= Gabriel Fajardo =

Filipino basketball player

Gabriel Rodriguez Fajardo (March 24, 1917 in Pandacan, Manila – July 19, 2008 in Pasig) was a Filipino basketball player who competed in the 1948 Summer Olympics in London, England.

Fajardo began playing basketball at the Mapa High School at the age of 14. He also played baseball and volleyball. In 1935, he enrolled at the University of Santo Tomas where he finished his commerce studies. He shifted to education and was a member of the 1939 varsity team that won the Big Three (UST, UP and NU) championship. After the end of World War II, he rejoined the UST team in 1947.

Fajardo was named to the Philippine team in the 1948 London Olympics and was so impressive that upon his return, he got the distinction of being the first to be named "Mr. Basketball" by the Philippine Sportswriters Association.
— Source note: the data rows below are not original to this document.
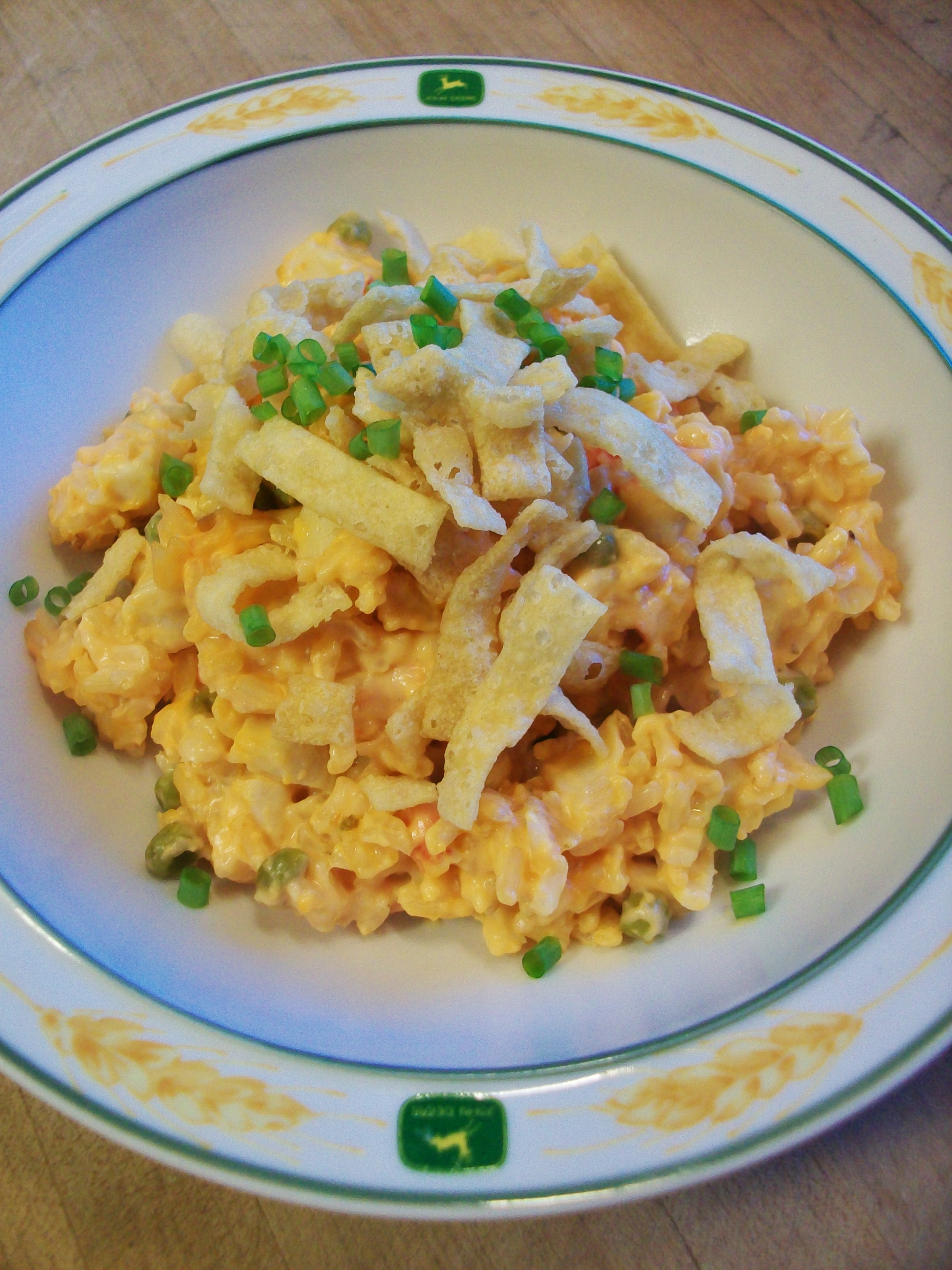 - Pour into greased casserole dish. Bake at 375* for 30ish minutes. Serve with wonton crisps, green onions, or chow mein.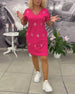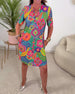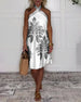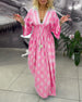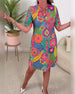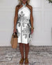 Elegant Three-Quarter Sleeve Printed Waist Dress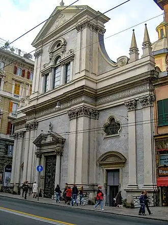 Après la démolition de leur couvent nécessité par le renforcement des murs de la ville, les Augustins obtinrent l'autorisation de la république de Gênes de construire un nouveau couvent à l'endroit où se trouve aujourd'hui l'église actuelle[1],[2]. La construction a eu lieu de 1681 à 1706, mais l'église a été ouverte au culte dès 1693 sous le patronage des familles génoises Durazzo, Della Torre, Canevari et Lercari-Castiglione. En 1769, elle fut dotée d'une coupole conçue par Simone Cantoni. La façade a été construite en 1864[1],[2].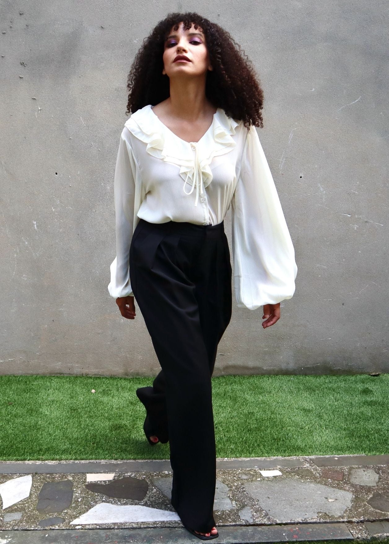 We're ruffle of damn good ideas. This blouse features a relaxed silhouette, balloon sleeves, elasticized cuffs, V neckline, tiered, ruffle detailing, and button down closure at front. Rad with mom shorts and biker boots. Model is 5'9" and wears a US size 6/UK size 10.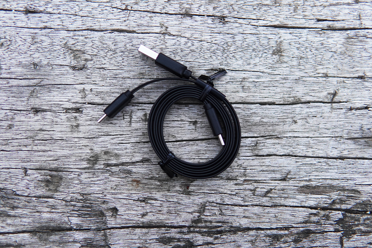 케이블은 칼국수 케이블이라고 부르는 플랫 형태로 되어있으며 USB Type-C / A가 모두 같이 있는 2-in-1 방식입니다. 실제 사용하기 전에는 괜찮을 거 같았는데 실제 사용해보니 좀 불편하더군요. 케이블의 길이가 50cm로 다른 제품보다 좀 더 긴 편이라 너무 걸리적거리는 느낌이었습니다. 이런 방식을 좋아하는 분들이 있을 수도 있겠지만 각각의 케이블을 따로 넣어주거나 별도로 C to A 젠더를 넣는 방식이 좀 더 좋았을 거 같습니다.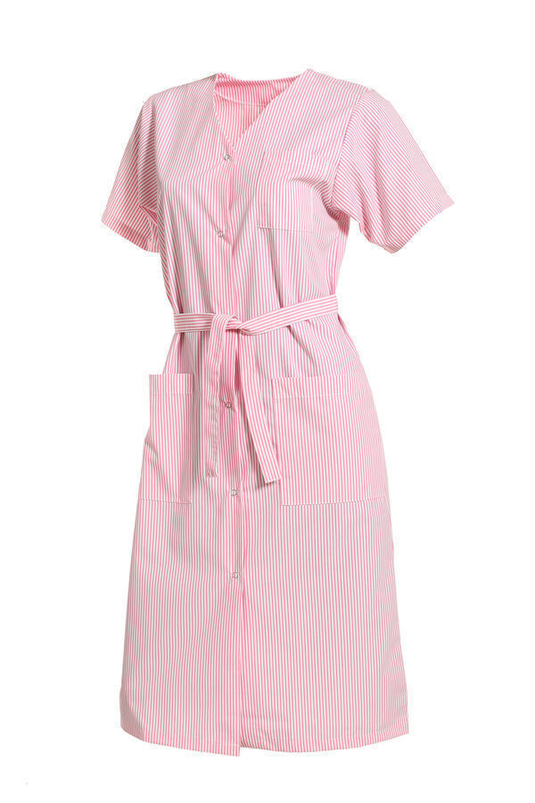Blouse femme encolure V. Fermeture milieu devant par 6grippers. Ceinture amovible. Poche poitrine et 2 poches basses plaquées. Manches courtes avec pattes pressionnées. Longueur : 110 cm.
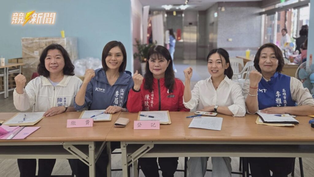 第四選區左楠區現任議員李眉蓁、陳麗珍、李雅芬、白喬茵、陳玫娟,相約聯合登記,展現團結女力精神,力拚五席全壘打。(圖:記者李佳龍/翻攝)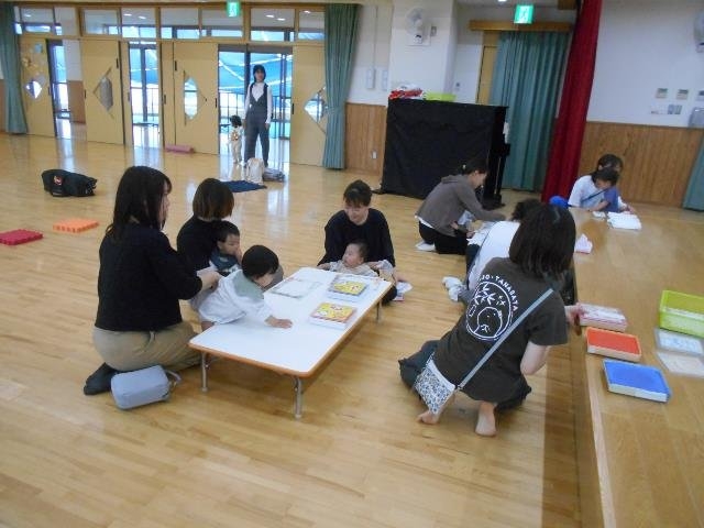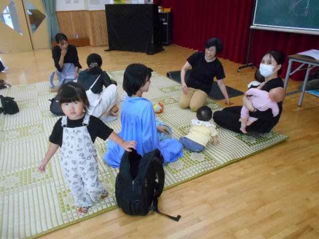 この後、杉浦先生には未就園のお友達とそのお母さんたちにも、わらべうたの楽しさを伝えていただきました。

In 1949, he joined the PRATA (Philippine Relief and Trade Rehabilitation Administration) team as a playing coach in the MICAA and led his team to the championship. With him were other outstanding players like Florentino Bautista, Nano Tolentino, Baby Dalupan, Ning Ramos and Caloy Loyzaga. In 1952, Fajardo coached the PRISCO (Price Stabilization Corporation) team, successor of the PRATA team, to three titles on the same year - the MICAA, the National Open and the Challenge to Champions.